Normali anormal, anormali normal hale getirmek.
İnanç, ahlak, erdem, ölçü, kural, sınır tanımamak.
Dinsiz, ailesiz, cinsiyetsiz, milliyetsiz insan!
Hedefleri budur.
ŞAKŞAK TAPINAĞI VE ABD SEÇİMLERİNİN EKONOMİ POLİTİĞİ
YUSUF DİNÇ - YENİ ŞAFAK
Sanırım bu ortamda merkez bankaları (bazısı elini belli etse de) ABD başkanlık seçiminin sonucunun dünyayı ne yöne sürükleyeceğini beklemek isteyecektir.

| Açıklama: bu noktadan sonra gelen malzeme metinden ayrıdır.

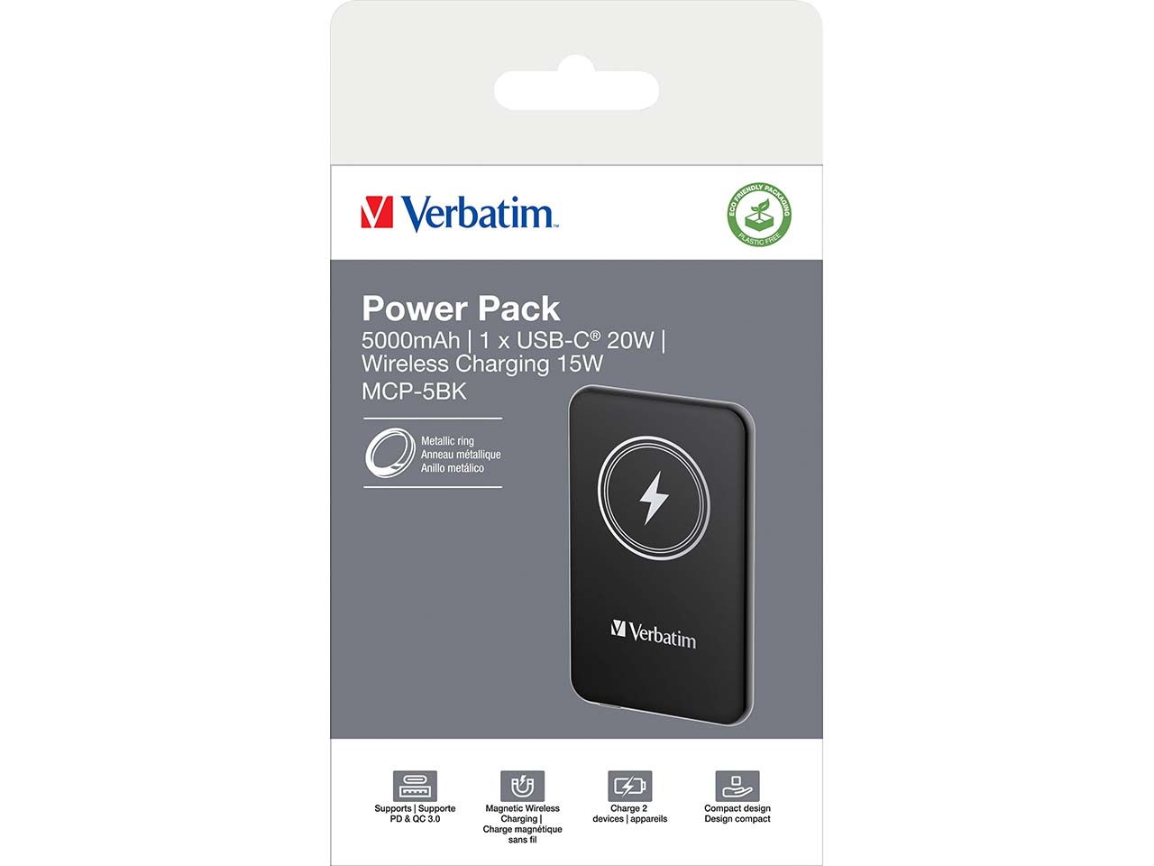 | Lieferumfang: | Verbatim Powerbank "Magnetic Wireless", 30 cm USB-C auf USB-C Kabel, Metallring, Quick Start Guide |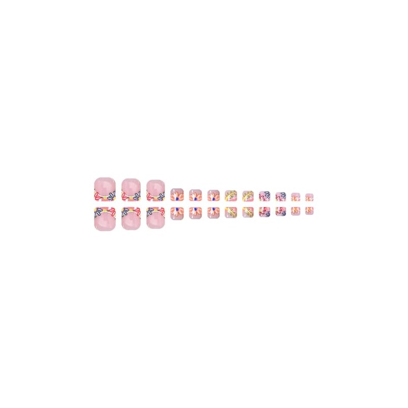 - 【Packing Included】24Pcs Press on toe nails contains 24 pieces full cover reusable acrylic glue on toenails, 24 pieces adhesive nail jelly stickers, 1*mini nail file, and 1*wooden stick.(Durability of jelly glue is not as good as liquid glue, but it makes fake nails reusable.)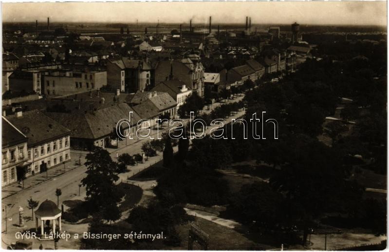 1935 Győr, Látkép a Bissinger sétánnyal, Weisz Soma üzlete, háttérben ... https://www.darabanth.com/de/424-Fernauktion/424.0/Ansichtskarten/Ungarn~1000005/1935-Gyor-Latkep-a-Bissinger-setannyal-Weisz-Soma-uzlete-hatterben-gyarak-es-viztorony~II2698012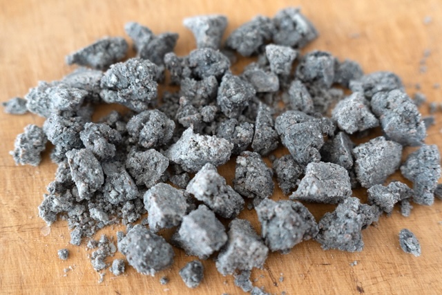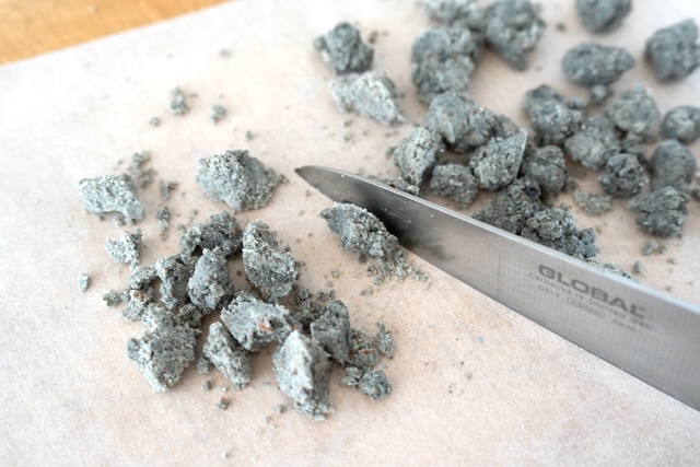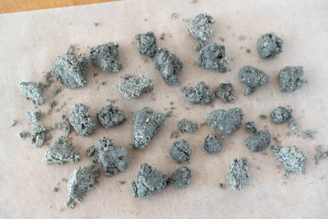 7. ビニール手袋をして、手でチョコレートを丸めたり、塊を割ったりして、1-2cmくらいの小石の形にしましょう。

Diğer aktörler, başka işler ve başka kararlar da…
Trump gelirse faiz indirimleri Harris’li senaryodan daha hızlı gelişebilir mi, bugünkü FED başkanı Powell ile çalışmaya devam eder mi, falan meselesi değil. Hem indirse ne olur, indirmese ne olur, eğer gümrük duvarları kalınlaşır, ekonomik silahlar ateşlenmeye başlarsa… Bir sürü çapraz konu var.
Artık siyasetin ekonomiyi değil, ekonominin siyaseti takip ettiğine daha çok ikna olunacak bir dönem başlıyor. Asıl önemli olan da bu… Çünkü kapitalizm, bilim ve teknolojide inanılmaz gelişimlere rağmen insanları artık şaşırtamıyor. Şaşırmayan insan ve kapitalizm bir arada ol(a)maz. Artık kimsenin saçını okşayamadığına yani ekonomiyle siyaseti sürükleyemediğine göre korkutmak yolunu seçecektir.
Savaş ihtimali rafa kalkana yahut savaş bitene kadar, çok dinamik bir sürece giriyor dünya.